# [EXERCISE OBJECTIVE]
Reproduce the listing below in full and without alteration, apart from its pictures.

# [PROVIDED DATA]
Content starts
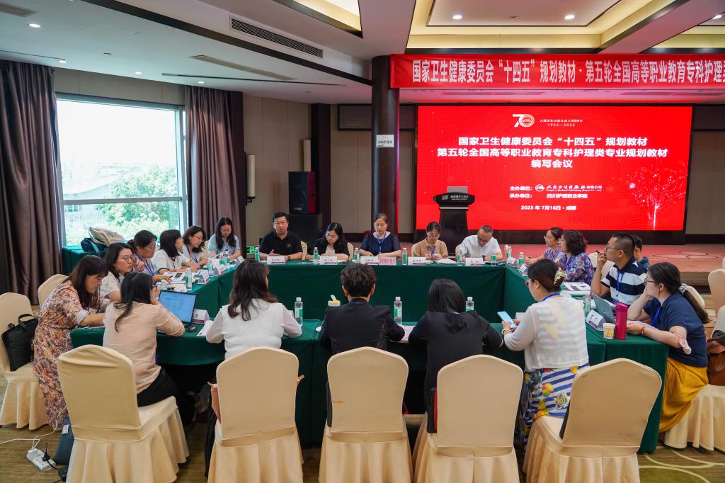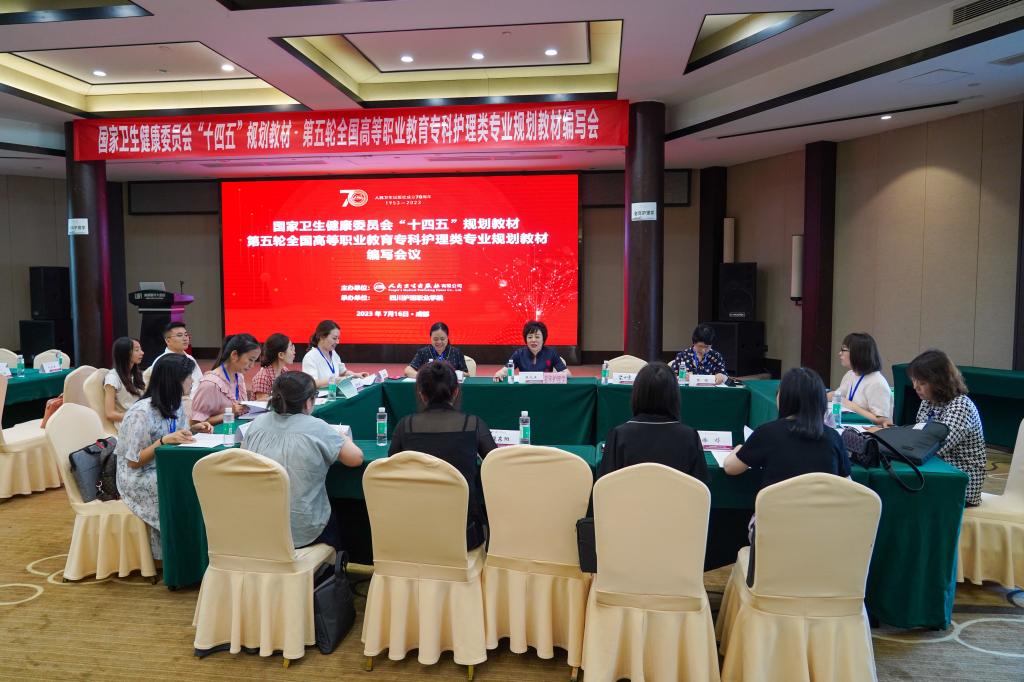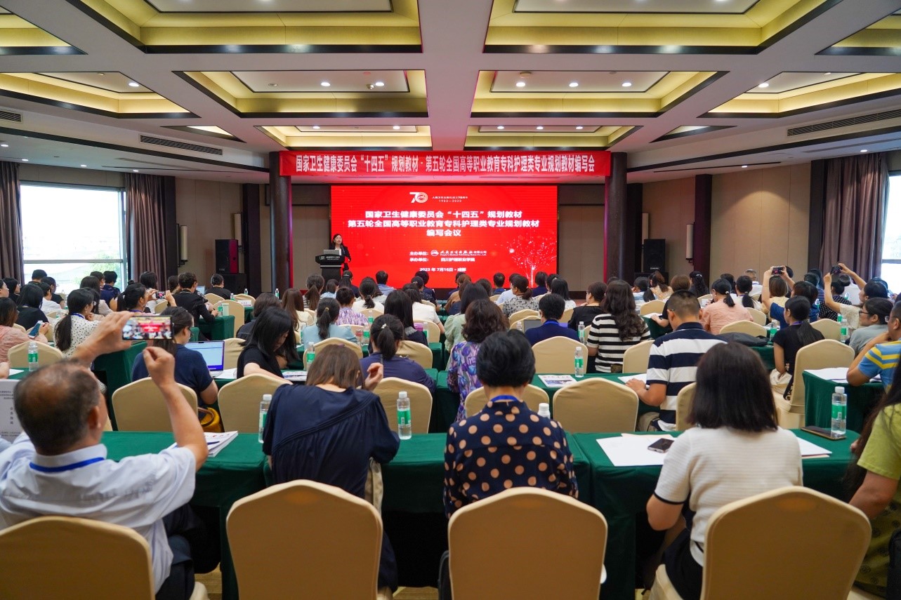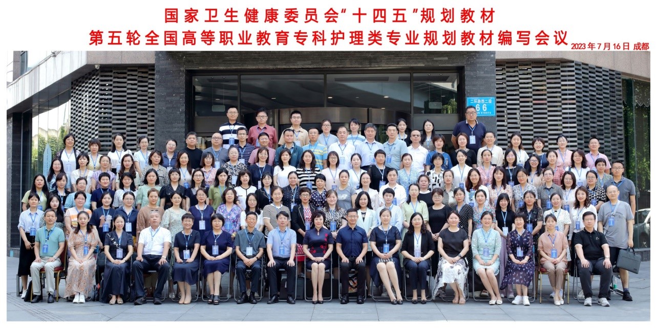 在全面学习贯彻习近平新时代中国特色社会主义思想主题教育和党的二十大精神之际,7月16日,由人民卫生出版社主办,76net必赢线路检测中心承办的国家卫生健康委员会“十四五”规划教材第五轮全国高等职业教育专科护理类专业规划教材编写会议在成都召开。人民卫生出版社有限公司医学教育中心职业教育部主任裴中惠及团队、学院院长张先庚及相关处室负责人和来自全国25个省市自治区各高等院校的8门教材主编、副主编及编委116人参加会议。会议由副院长梁小利主持。
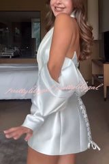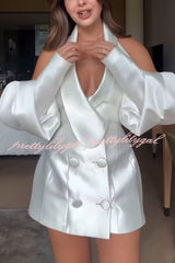 Muse Satin Double-breasted Split Puff Sleeve Back Lace-up Halter Blazer Mini Dress
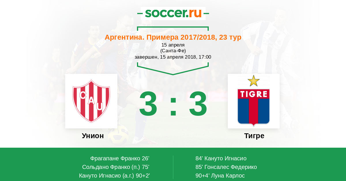 Аргентина. Суперлига 17.04.2016 Унион Логотип футбольный клуб Унион (Санта-Фе) 1:0 Логотип футбольный клуб Тигре (Буэнос-Айрес) Тигре
Content ends
# [RESPONSE AREA]
 在全面学习贯彻习近平新时代中国特色社会主义思想主题教育和党的二十大精神之际,7月16日,由人民卫生出版社主办,76net必赢线路检测中心承办的国家卫生健康委员会“十四五”规划教材第五轮全国高等职业教育专科护理类专业规划教材编写会议在成都召开。人民卫生出版社有限公司医学教育中心职业教育部主任裴中惠及团队、学院院长张先庚及相关处室负责人和来自全国25个省市自治区各高等院校的8门教材主编、副主编及编委116人参加会议。会议由副院长梁小利主持。
 Muse Satin Double-breasted Split Puff Sleeve Back Lace-up Halter Blazer Mini Dress
 Аргентина. Суперлига 17.04.2016 Унион Логотип футбольный клуб Унион (Санта-Фе) 1:0 Логотип футбольный клуб Тигре (Буэнос-Айрес) Тигре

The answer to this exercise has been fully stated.